The party broke the tree line, with Malstrom, taking the point, they were haggard, wounded, and tired, but still they pressed on.  The war horns sounded all around them, and before them was a wide plain of low laying grassland.  They would be out in the open, exposed, with little to no cover.  It was risky, but they had to get to the other side, so they pushed on across the expanse.

It was more a light jog, then a march, as the tired party made haste across the open expanse.  Corine and Semmarin scanned the grasslands, as they heard another sounding of horns.  They were just about to the other side, when a large figure moved to block out the waning sunlight, its massive wings were spread wide, yawning to swallow the whole of the maroon sky.  It was a fearsome spectacle, it was both true terror, and true majesty; it was a dragon in the tongue of men.

Its scales were harder then steel, and they shimmered, red and black in the setting sunlight, from head to tail, it was well over one hundred feet in length, and its wings nearly five times that from tip to tip.  It descended upon the Accursed Forest, and landed causing a flurry of white snow, as it flapped its massive wings, when it landed it roared.  The roar, shook the very earth, and sent a chill down the spines of the heroes, it was a fury that was both ancient, and nigh unstoppable.  It was an engine of destruction, and nothing they wanted to toy with.

Corine turned to the party, “Lets go, we can’t stand around and gawk,” even as she turned back and spotted its massive neck craning above the trees.  She could not be sure, but she thought for a moment, it may have looked right at her, the thought sent a shiver down her spine, and quickened her step.  The others followed.

It may have been hours later, as the party continued in silence, working their way through this thin forest on foot.  A light snow, settled on the forest floor, but it was melting quickly, whatever storm, or fury had produced the cold, it was quickly retreating.  Corine proceeded cautiously, and she rarely jumped now, whenever she heard the war horns of the orcs, there were more horns now, it was as if the orcs were trying to pen them in.  

Tuk shivered, “It is so cold, I could go for some hot cider, that would warm us right up, it would.”

Malstrom grumbled, “Shut up Tuk, be silent, these woods are filled with-” the Malstrom never finished, as figures stepped forth from the darkness, their bows ready.  The party was surrounded, by slim, short figures.  They wore masks, and suits of dark green and black, Semmarin recognized them right off, and they were the Caransil, the wood elves.

Tuk grinned as he recognized the warriors for what they were, “Elves we are saved!”

Corine scowled, “You are too optimistic, Tuk.”

A slim elf, stepped forward, pulling back his mask to reveal a slim sharp-featured face, to a human it was both feminine and masculine at the same time.  Sharp yet delicate features framing dark green eyes, and long black hair, draped about his delicately pointed ears.  He was shorter then Corine, but he seemed in no way intimidated by her size, in many ways Corine, was intimidated by him.

Malstrom growled in his dwarven dialect to Dae, “I don’t like this.”

Dae nodded, as he kept his weapons out but held down towards the ground, waiting to see what happened.

The wood elf paced by Corine, without a word and focused on Semmarin, “Elfling, you traveled with Sildarin yes?”

Semmarin nodded, responding in High Elven, “Yes, I did,” he choked the words out, “but I have not seen her in some time, she has been missing, and our other companions were betrayed and put to the sword by orcs.”
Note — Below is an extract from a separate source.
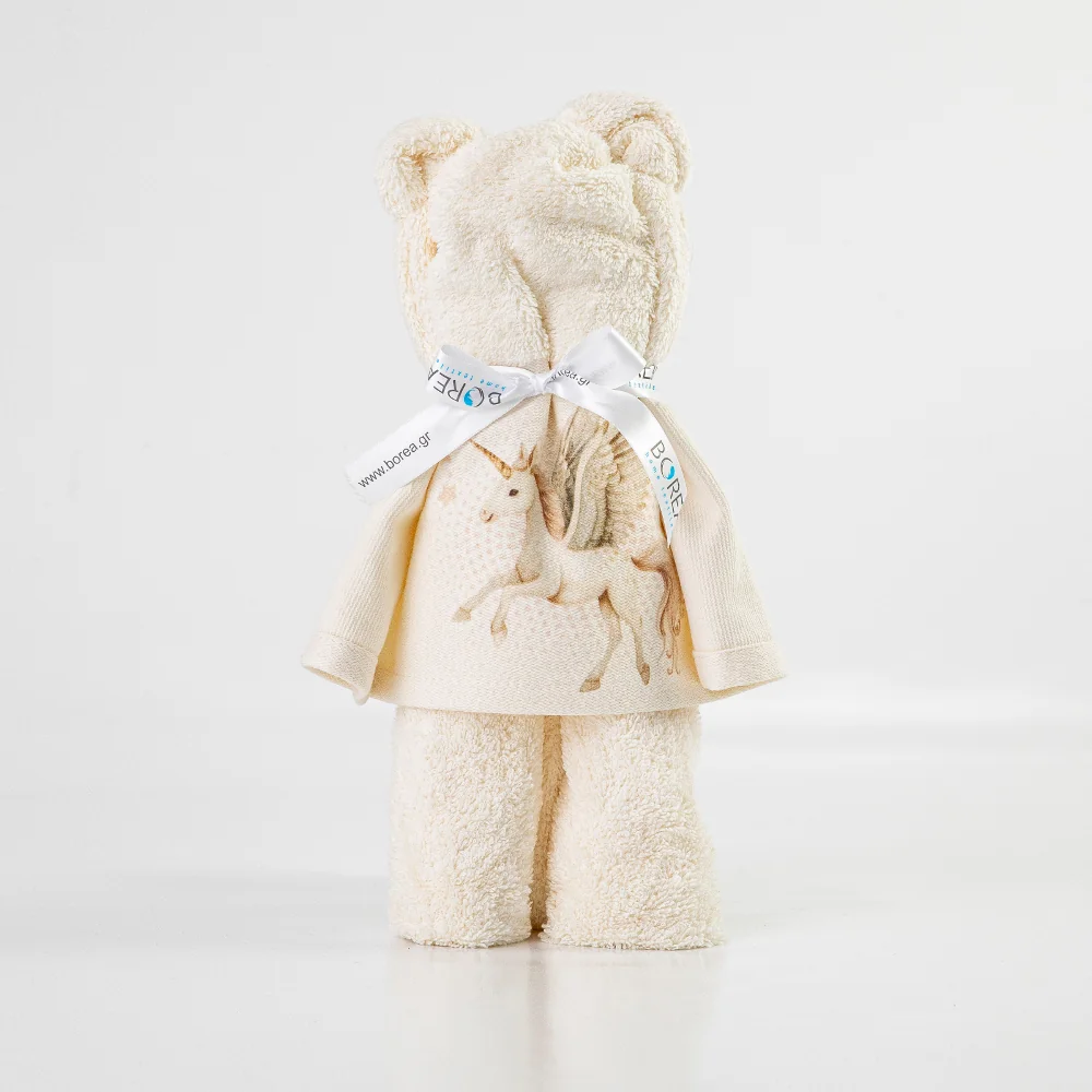 Πετσέτα προσώπου, από ύφασμα φροτέ πενιέ, 100% βαμβακερό, μονόχρωμο, με ψηφιακή εκτύπωση, σχέδιο μονόκερος, σε συσκευασία/σχήμα αρκουδάκι.Διατίθεται σε 2 χρώματα.
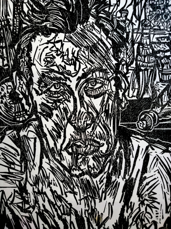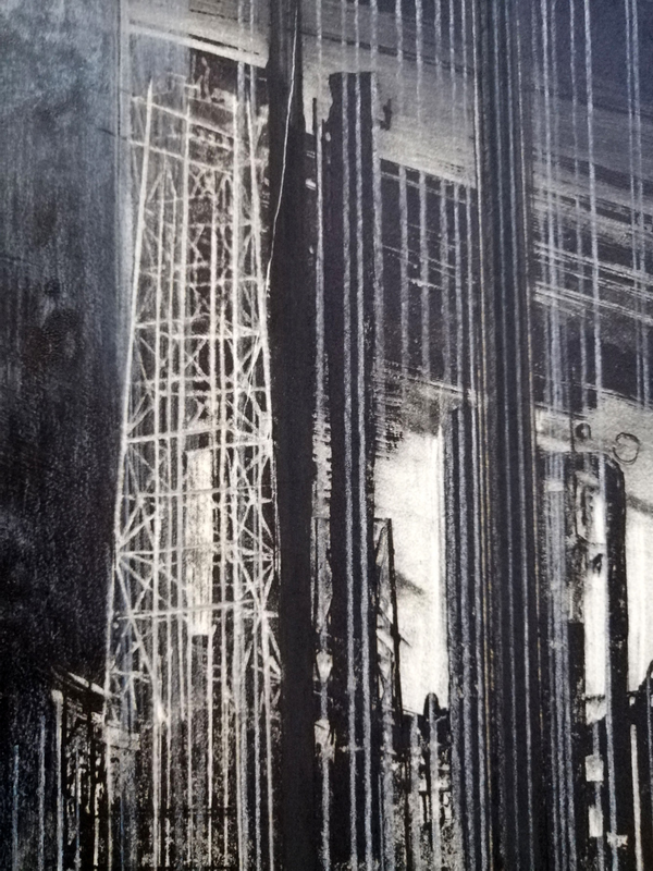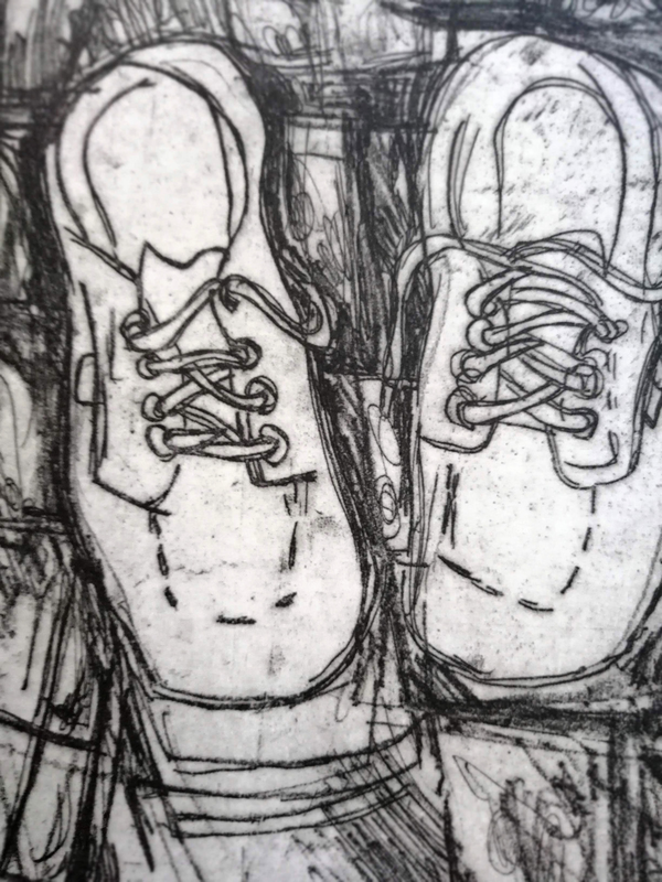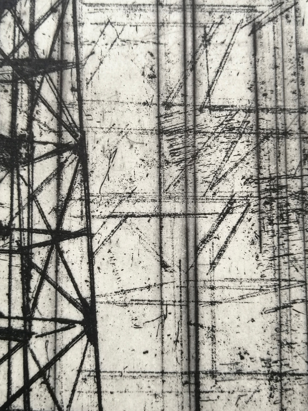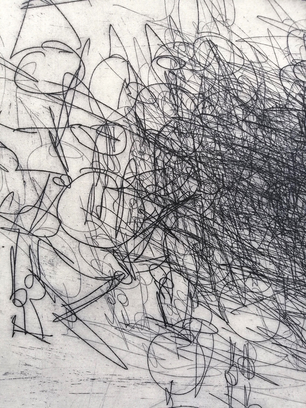 Intervenire direttamente su una matrice significa anche poter fissare su una superficie un movimento velocemente, senza esitazioni o possibilità di ripensamento. L’artista ha deciso di usare un saldatore a elettrodi per ferro direttamente sulla matrice di rame, unendo un supporto nobile della tradizione a strumenti moderni. Gli elettrodi si consumano, depositando gocce e schizzi di ferro che si fondono alla superficie; ma la lentezza della saldatura non riesce ad assecondare la velocità del gesto. Il segno è quindi a singhiozzo, intermittente, su un fondo graffiato e non lucidato, che raccolto grazie a una pulitura a garza crea un tappeto sonoro all’immagine figurativa.

The wood elf nodded, “I see, then come, the Avatar will wish to speak with you, I am sure.  Tell them to sheathe their weapons they are in our care now.”

Semmarin nodded, and motioned for his allies to sheathe their weapons.  The party complied, and followed the troupe of warriors deeper into the woods, where more wood elves waited, watching the party with suspicion and curiosity.

At the center of the grouping of elves was a woman, sitting cross legged on the soft snow, she seemed to be deep in meditation, and her pale skin, clashed with her dark hair, and ruby red lips.  She was a slim athletic beauty, and despite her size, she wore a finely crafted suit of chainmail, it twinkled the gleam of mithral, it was nearly as light as a feather, and twice as hard as steel.

The Avatar opened her black eyes.

She spoke in a voice that was rich, and powerful, “Welcome the I am the Avatar of the Witch Queen, Aradil, she who is most wise of us all, she bids you good tidings.”

Corine bowed her head, having learned the tongue of the High Elves early in her travels.  Semmarin and Tuk both bowed their heads in reverence, while Malstrom and Dae watched with some awe confusion.

“Step forward the one that is named Semmarin,” the Avatar spoke.

Semmarin stepped forward slowly, his head bowed in proper respect.  Never meeting the eyes of his better, as is proper in elven society.  Semmarin spoke quietly, “I am Semmarin.”

The Avatar gazed at the elfling, and nodded in approval, “What is the fate of our sister, Sildarin?”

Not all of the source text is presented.